Fear and Poverty—The Capital of the Right
The consequence: poverty and fear make people ignorant. Both fear and poverty are the capital of the right, says Alice Ripoll, a choreographer and trained psychologist who discovered dance during her studies and went on to found two companies in Rio de Janeiro—first Companhia REC in 2009, then Companhia SUAVE in 2014. She describes what the end of Bolsonaro felt like: as if the members of her company were "returning from war," "like a reunion after a war," "as if we were coming from a war zone..."—a war against the poor and minorities, where there were no resources, no aid, no infrastructure for self-help.
A Chaotic Drawing from Everything
Her latest work, Zona Franca, emerged from this shock. Through dance, it now feels like an explosively foaming liberation from a clogged bottleneck. Alice Ripoll says, "Dance worked like a kind of medicine and almost saved me. It has become my personal mission to convey this connection and healing power to others as well." Says the psychologist. But the choreographer in her is focused on something else: small steps. They are called "Passinho" in the favelas of Rio de Janeiro. A dance of the youth, made up of infinitely many fragments yet considered the only purely Brazilian urban dance style—a wild sampling of steps, regardless of their origin, stolen from the vastness of YouTube and folklore, a "Dancinha," a mix of funk, samba, hip-hop, vogue, Afrohouse, Sabala, TikTok, and dances from northern and northeastern Brazil such as Pisadinha and Brega Funk. This style blend feels like a free trade zone, a "Zona Franca," where no royalties are paid and no taxes are collected—a chaotic drawing from everything, a magnificent chaos, which in Brazil is also called "Zona Franca."
Something else is fascinating: the explosive yet melancholic joy of togetherness among the ten dancers on stage—colorful, bright, radiant, loud, greedy, hungry, full of energy. It is like a moment when—after COVID-19 and Bolsonaro, after hunger and oppression, after endless police operations in the slums of Rio—the survivors realize that they have survived, that their dignity is no longer languishing in the subjunctive but has reawakened beyond all imposed rules. With a dance that adheres to no academic or formal style but rather feels like a liberation from traditions and schools. Perhaps this is what makes Zona Franca so contagious—these eternally driving rhythms and exalted bodies, this sense of a precisely controlled flow of liberated bodies by Alice Ripoll—as a danced utopia. Because it remains one. Naturally, the subsequent government under Luiz Lula da Silva is struggling to even halfway repair what was destroyed in four years under Bolsonaro’s regime that is now indicted for attempted coup.
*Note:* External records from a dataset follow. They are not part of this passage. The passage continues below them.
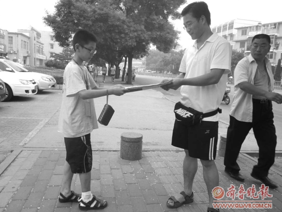 17日一大早,在泰安市邮政局院内,史泽豪的妈妈正在一旁催促儿子:“别的小朋友都上街了,你整理得要快一点,你的速度可有点慢了。”史泽豪冲妈妈一笑,加快了速度。“脚还疼不疼?”妈妈又忍不住关心起儿子来。“没事,感觉不到疼了,想起要卖报纸我就不疼了。”小泽豪调皮地说。
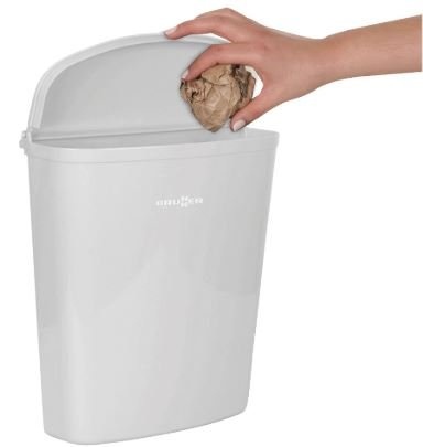 Modern vormgegeven vuilnisbak met deksel. Erg handig voor het kleine afval in carvan, camper of op de boot. De deksel sluit volledig om vieze geuren en morsen te voorkomen. Volledig van sterk kunststof. Makkelijk op te bouwen: 1. Met dubbelzijdig tape 2. Door op de wand te schroeven. Makkelijk afneembaar voor reiniging of legen.
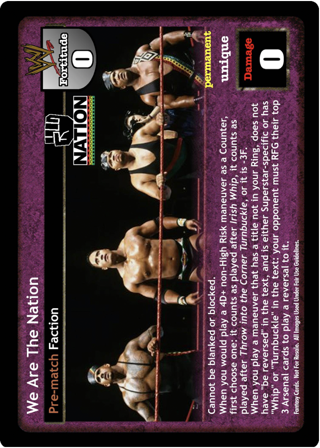 Cannot be blanked and cannot be prevented from being played. When you play a 4D+ non-High Risk maneuver as a Counter, choose one: it is considered to be played after Irish Whip, it is considered to be played after Throw into the Corner Turnbuckle, or it is -3F. When you play a maneuver that has a title not in your Ring, does not have 'be reversed' in the text, and is either Superstar-specific or has 'Whip' or 'Turnbuckle' in the text: your opponent must remove the top 3 cards of his Arsenal from the game to play a reversal to it.
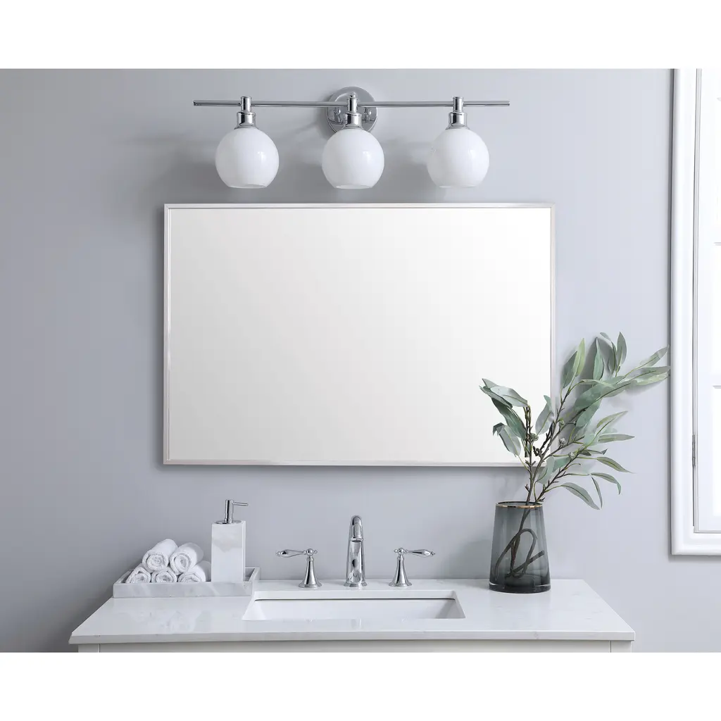 Enhance the contemporary appeal of your living space with our aluminum rectangle mirror. This versatile piece offers a modern aesthetic with its sleek metal-framed design and clean lines, adding a touch of sophistication to any room. The mirror's electroplated finish not only provides a subtle shine but also ensures durability. Its clear, non-beveled mirror surface delivers a pristine reflection, making it perfect for a variety of applications. The mirror can be effortlessly hung either horizontally or vertically, thanks to the attached metal cleats, allowing you to customize its placement to suit your space. Supported by a strong MDF backing, this mirror combines style with sturdiness, and its lightweight nature makes installation a breeze. Elevate the ambiance of any room with this chic and functional aluminum mirror.
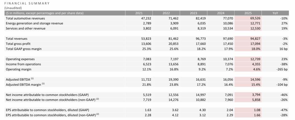 更值得关注的是全年表现:特斯拉2025年总营收948亿美元,同比下降3%,这是公司历史上首次出现年度营收下滑。全年汽车交付量同比下降8.6%至164万辆,持续多年的增长纪录就此终结。

But that does not concern this closely-knit troupe, which was originally founded as an educational initiative, received funding only as such, and has nurtured and empowered the already practiced street dance in the neighborhood with such pride and energy that Alice Ripoll and her troupe, with their three productions so far—Zona Franca, Suave, and Cria—are now on a world tour, from Kyoto and London to Zurich and Munich.
Dance of Self-Defense
With a similar power, this duo also liberated themselves: Davi Pontes and Wallace Ferreira, two queer dancers, also from Rio de Janeiro. Both are also visual artists, and their main opponent inadvertently became Jair Bolsonaro, whose often-imitated trademark, the finger-gun gesture, three fingers forming a pistol, was openly directed against people like them—out of racist, seemingly evangelical hatred toward those who live differently. Bolsonaro was not yet in power when the hunt began against the Queermuseu in Porto Alegre, which was accused of promoting so-called gender ideology. Soon, trans actress Renata Carvalho and visual artist Wagner Schwartz felt the same persecution. Schwartz fled the country after the video of his suddenly criminalized performance La Bête went viral. In this atmosphere, in 2018, Wallace Ferreira and Davi Pontes came together during their bachelor's degree and founded what they call the "Dance of Self-Defense."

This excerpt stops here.